Au-delà du piège à cons

« L’État est toujours un pouvoir conservateur qui authentifie, régularise, organise les conquêtes du progrès mais ne les inaugure jamais. Elles ont toujours leur origine dans la base populaire… » – Sismondi

Les libéraux, dans leur tentative de s’accrocher au pouvoir, nous promettent des lendemains qui chantent après avoir eu 15 ans pour réaliser leurs promesses. Les péquistes jouent quant à eux leur survie et dépoussièrent leur vieux fond plus progressiste après avoir transformé le rêve d’une génération en un projet bureautico-comptable, pour ensuite le repousser aux calendes grecques. Mais la campagne du PQ, tout comme celle de Legault, est torpillé par les déboires de ses candidatEs et les médias en raffolent.

L’urgence…

Récemment, François Legault, le meneur dans les sondages, nous faisait part de sa plus grande peur, soit que ses petits-enfants ne parlent plus le français. Après avoir vécu un été caniculaire, le chef de la CAQ aurait de bonnes raisons de s’inquiéter pour l’avenir de ses petits-enfants. Car ce n’est qu’un début, les changements climatiques entraîneront dans les prochaines années la hausse du niveau des mers, la désoxygénation et acidification des océans, des modifications dans l’aire de distribution de certains animaux et espèces végétales, la destruction d’écosystèmes rares, des inondations, des records de chaleur, l’augmentation des typhons, des inondations, des cyclones, etc.

Mais non, le problème c’est que l’immigration est une menace pour la langue française. Du moins, c’est pour l’heure ce qui est le plus payant de dire en période électorale. Peut-être qu’on parlera des dérèglements climatiques lorsque qu’ils entraîneront des vagues de réfugiés climatiques et que ça fera capoter la droite identitaire, populiste et fascisante.

Et Québec Solidaire et les Verts dans tout ça? 

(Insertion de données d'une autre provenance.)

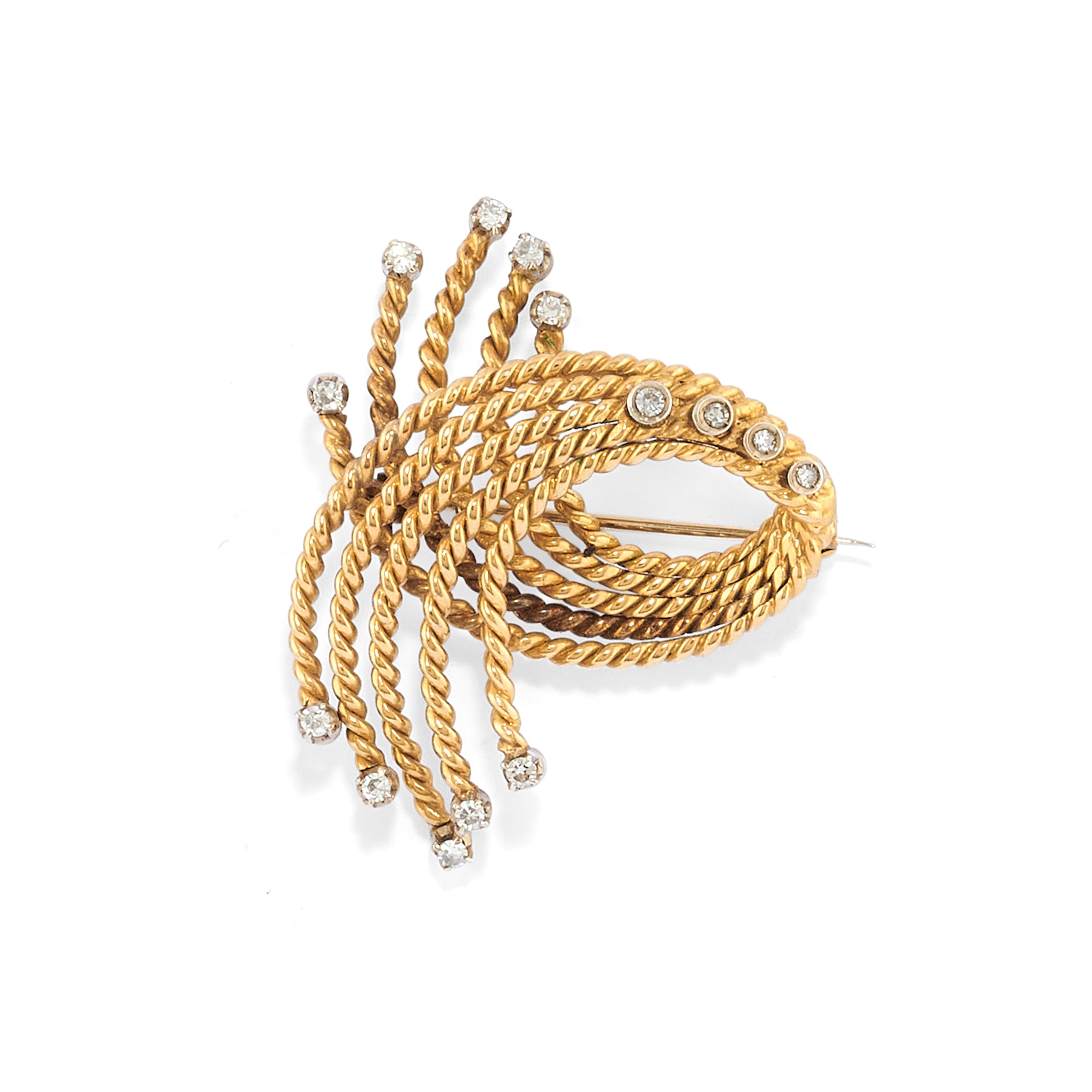 scroll brooch with twisted threads set with huit-huit cut diamonds; flower ring with a brilliant cut diamond of approx. 0.40 ct surrounded by round-cut rubies, defects (fractures on the lower part of the shank).

Québec Solidaire (QS) essaie de jouer dans la cour des grands avec un bel autobus orange et en nous présentant un argumentaire tout aussi comptable que les autres.  Comme sur le salaire minimum à 15$ de l’heure: « Quand on augmente le pouvoir d’achat des gens, ils dépensent cet argent-là autour d’eux. Rapidement, la hausse du salaire minimum va stimuler l’économie locale », a déclaré par l’entremise d’un communiqué le co-porte-parole de QS Gabriel Nadeau-Dubois. Vive la société de consommation! Et ça c’est sans compter que le parti a émis le souhait d’aider les entreprises à s’adapter à la hausse du salaire minimum . Et pourtant, les chroniqueurs de Québécor continuent d’affirmer que QS appartient à la gauche radicale. On dirait bien que ces chroniqueurs confondent les économistes John Maynard Keynes et Karl Marx.

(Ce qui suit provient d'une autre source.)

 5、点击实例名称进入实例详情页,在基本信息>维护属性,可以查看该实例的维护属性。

De leur côté, les Verts proposent la semaine de travail à 32 heures. En conférence de presse, Alex Tyrell a expliqué vouloir réduire la semaine de travail: « pour que les gens puissent avoir plus de temps en famille, plus de temps pour s’impliquer dans la communauté… ». Déjà, c’est plus intéressant que le statu quo, mais le chef vient gâcher le tout en affirmant: « pour qu’on puisse profiter de la nouvelle technologie qui fait en sorte que les gens sont plus productifs avec moins d’heure travaillées. »

On est encore loin de la nécessaire décroissance libertaire .

Alors le 1er octobre, « je rentre chez moi et je fais la grève ». Évidemment, le changement souhaité n’adviendra ni par les urnes, ni par l’abstention. Pour mettre fin à l’ordre de privilèges et d’exploitation vécu sous le joug du capitalisme, du patriarcat et du colonialisme, nous devons renforcer l’autonomie de nos collectivités en reprenant individuellement et collectivement le contrôle de nos vies, de nos villes et de nos moyens d’existence.

Ngalla, membre du collectif anarchiste Emma Goldman

N.B. Nos propositions feront l’objet d’un prochain texte à paraître sous peu.